The use of the lipid lowering agent niacin is hampered by a frequent flush response which is largely mediated by prostaglandin (PG) D2. Therefore, concomitant administration of the D-type prostanoid (DP) receptor antagonist laropiprant has been proposed to be a useful approach in preventing niacin-induced flush. However, antagonizing PGD2, which is a potent inhibitor of platelet aggregation, might pose the risk of atherothrombotic events in cardiovascular disease. In fact, we found that in vitro treatment of platelets with laropiprant prevented the inhibitory effects of PGD2 on platelet function, i.e. platelet aggregation, Ca2+ flux, P-selectin expression, activation of glycoprotein IIb/IIIa and thrombus formation. In contrast, laropiprant did not prevent the inhibitory effects of acetylsalicylic acid or niacin on thrombus formation.
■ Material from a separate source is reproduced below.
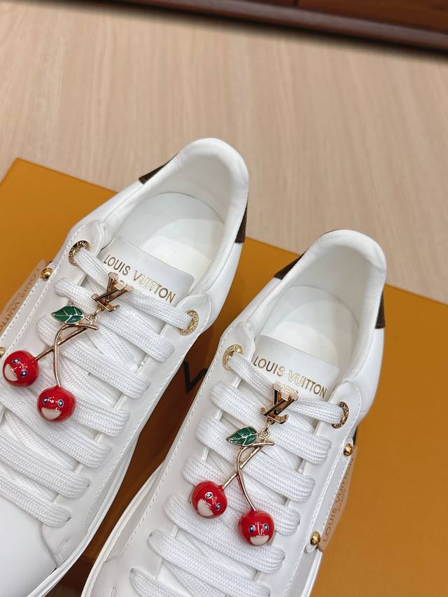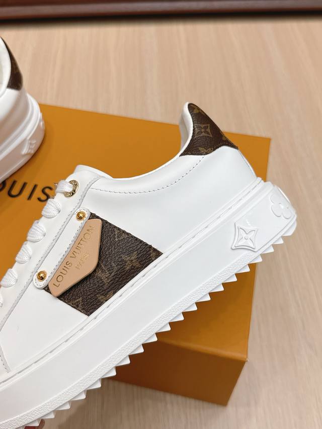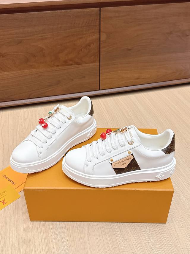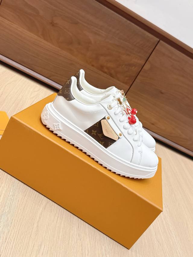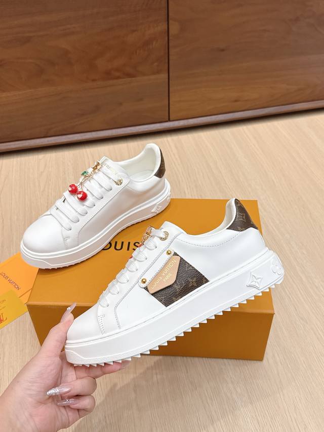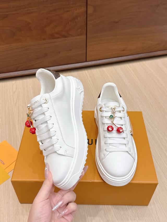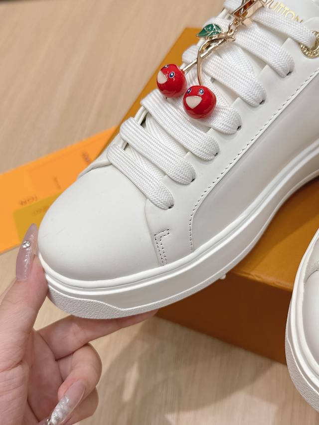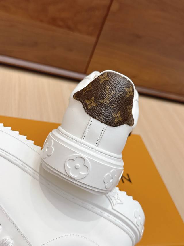 代购级 配饰60 Lv X Tm村上隆 联名款 驴牌 L家 Time Out 系列 压花 浮雕 吊坠 休闲 小白鞋 运动鞋 原版购入开发 做货 本款 Time Out 运动鞋传递路易威登 X 村上隆再版系列的动感风范,为鞋面点缀全幅 Monogram 凸纹,再以鞋舌和鞋跟的缤纷 Lv 字母道出艺术家的“超扁平”美学。鞋带标注趣意盎然的可拆卸皮革贴饰 配送专柜精美包装 面料: 原版进口头层牛皮 内里:原版定制柔软羊皮 鞋底:原版开模Tpu防滑大底 底厚:4Cm Size: 女款35-40 定制41

At higher concentrations, laropiprant by itself attenuated platelet activation induced by thromboxane (TP) and E-type prostanoid (EP)-3 receptor stimulation, as demonstrated in assays of platelet aggregation, Ca2+ flux, P-selectin expression, and activation of glycoprotein IIb/IIIa. Inhibition of platelet function exerted by EP4 or I-type prostanoid (IP) receptors was not affected by laropiprant. These in vitro data suggest that niacin/laropiprant for the treatment of dyslipidemias might have a beneficial profile with respect to platelet function and thrombotic events in vascular disease.